Волович сначала подумал — какая же при её внешности солидность? Только минутой позже сообразил, что в предлагаемых обстоятельствах — та самая. Красавица, одетая без оглядки на московский стиль, как привыкла ходить по улицам Сан-Франциско, говорящая на понятном, но ломаном русском, с наплечной сумкой, доверху набитой валютой — самое то. На провокацию МГБ, да ещё в его присутствии — никак не потянет.
— Да ты, Миша, не мандражи, — неожиданно сказала Людмила. — Тебе вообще бояться нечего. Я — американка из «паранормального общества», вполне законно зарегистрированного в России. Въехала сюда по визе, подробно изложив цели своего здесь пребывания. Ответственность за меня, в том числе и финансовую, взял на себя Вадим Петрович, и частично — американское посольство. Я буду проводить «полевые эксперименты» — возможно ли только парапсихологическими методами устроить «флэш-моб» с привлечением людей, не только к подобным забавам не склонным, но придерживающимся совершенно противоположных политических взглядов. Твоя, Миша, вина, в самом худшем варианте, будет заключаться в том, что ты познакомил с сумасшедшей американкой еще несколько психов «местного разлива». А деньги? Дурак будет тот, кто в их получении признается.

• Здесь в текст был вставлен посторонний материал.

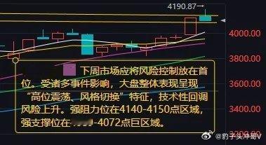 A股下周策略研判:风控优先,震荡中优化持仓本周A股大盘冲高回落、小幅收跌,多空博弈的激烈格局将在下周延续,业绩成色成为资金选股的核心锚点。展望下周,市场多空分歧进一步加大,短期调整压力与中长期乐观预期形成对冲,震荡分化的运行态势料将持续。风险控制需置于首位,建议借震荡之机优化持仓结构,为后续行情做好布局。从大盘趋势来看,当前市场凸显“高位震荡、风格切换”的特征,技术性回调风险有所升温。1月14日市场出现剧烈波动,单日成交额攀升至3.99万亿,多空对决白热化,前期部分热点板块已出现显著回撤。指数运行区间方面,下周上证指数核心支撑位落在4096-4089点。若该区间失守,大概率会触发技术性抛售,下方支撑可依次关注4072点,极限支撑位看向4032点。上行压力则聚焦4127点,该点位既是5日均线位置,也是近期高点所在,有效突破后,更强阻力位将出现在4147-4150点区域。热点主线可沿科技成长与政策受益两大方向布局。科技成长领域,重点关注AI与数字经济中的AI新基建赛道,如光模块、智算中心等细分方向,但需回避高位标的;半导体/芯片作为科技自主的核心阵地,具备长期配置价值;商业航天、脑机接口等主题交易热度较高,板块拥挤度上升,追高需保持谨慎。政策受益板块可关注四条支线:一是“反内卷”与限产稳价相关领域,规范光伏、新能源汽车等行业竞争秩序,利好产业链龙头盈利预期修复;二是有色金属板块;三是城市更新与雅下水电建设相关标的;四是创新药、消费及高股息等具备防御属性的板块。事件层面,多空因素交织。1月19日起融资保证金新规实施,短期对市场情绪形成利空;同日下调再贷款利率政策落地,有望对局部板块形成利好支撑;美国政局变动、军费预算等外部消息存在不确定性;天普股份被立案调查引发股价巨震,相关风险亦需警惕。操作策略上,建议控制仓位至中等或以下水平,秉持“弃高就低”原则,重点布局股价处于低位、近期有资金流入迹象的板块,如部分医药、消费、建材标的,以及基本面扎实的科技龙头企业。具体应对可分三种情形:若指数放量站稳4127点,可小幅加仓,关注券商板块及放量领涨主线;若指数在4096-4127点区间震荡,宜持仓观望,或在主线板块内进行高抛低吸操作;若指数收盘价跌破4089点且未能快速收回,需主动降仓,转向防御性资产。综合判断,下周A股需以风控为首要原则。多重事件扰动下,市场维持“高位震荡、风格切换”格局,技术性回调风险上升,指数强阻力位4147-4150点,强支撑位4089-4072点。

У Воловича было тяжело на сердце. Слова Ляхова и его подруги не успокаивали, скорее наоборот. От такого не отмажешься ссылками на дурацкие исследования. В случае чего и на «вышку» потянет. И безотчётный миллион долларов смелости не прибавлял. Чёрта с два им успеешь попользоваться.
Надо отыгрывать назад, даже рискуя «потерять лицо». Что с того лица, не в Китае живём, а цивилизованные американцы говорят: «задница дороже».
— Но это ведь только при условии, что нас не возьмут с поличным? — задал он подготовительный вопрос.
— А как ты себе это представляешь? На практике? — удивился Фёст. — Скажем, через полчаса ты встречаешься с человеком, который «смотрит» за всеми футбольными фанатами. Тебя, журналиста, интересуют перспективы сезона, договорные игры, заказные драки… Убедившись, что вокруг чисто, ты делаешь «то самое предложение». Насчёт повода пусть думает товарищ, взявший у тебя деньги. После фанатов — беседа на бульваре хоть даже с самим Лимоновым. Так вот — для Лимонова персонально — сколько у него «активных штыков» есть, пусть все к компьютерам садятся и начинают народ собирать. Если он не врёт и только в Москве у него под сто тысяч сторонников — пусть выведет в пределы Садового хотя бы половину. Лозунг один: «Имперской России русского императора. Президент, мы с тобой!» За один лозунг, написанный любой краской на любом транспаранте, при условии его нахождения в городе до полудня — по сто баксов. Желающие получат рублями. Говорят же, что по Сети можно миллионные толпы на площадях собрать, хоть под пули. У нас пуль не будет, только «флеш-моб». И у ментов с омоновцами тоже «флеш-моб». Опять же как в августе девяносто первого. Если ваши не начнут первыми, их никто не тронет.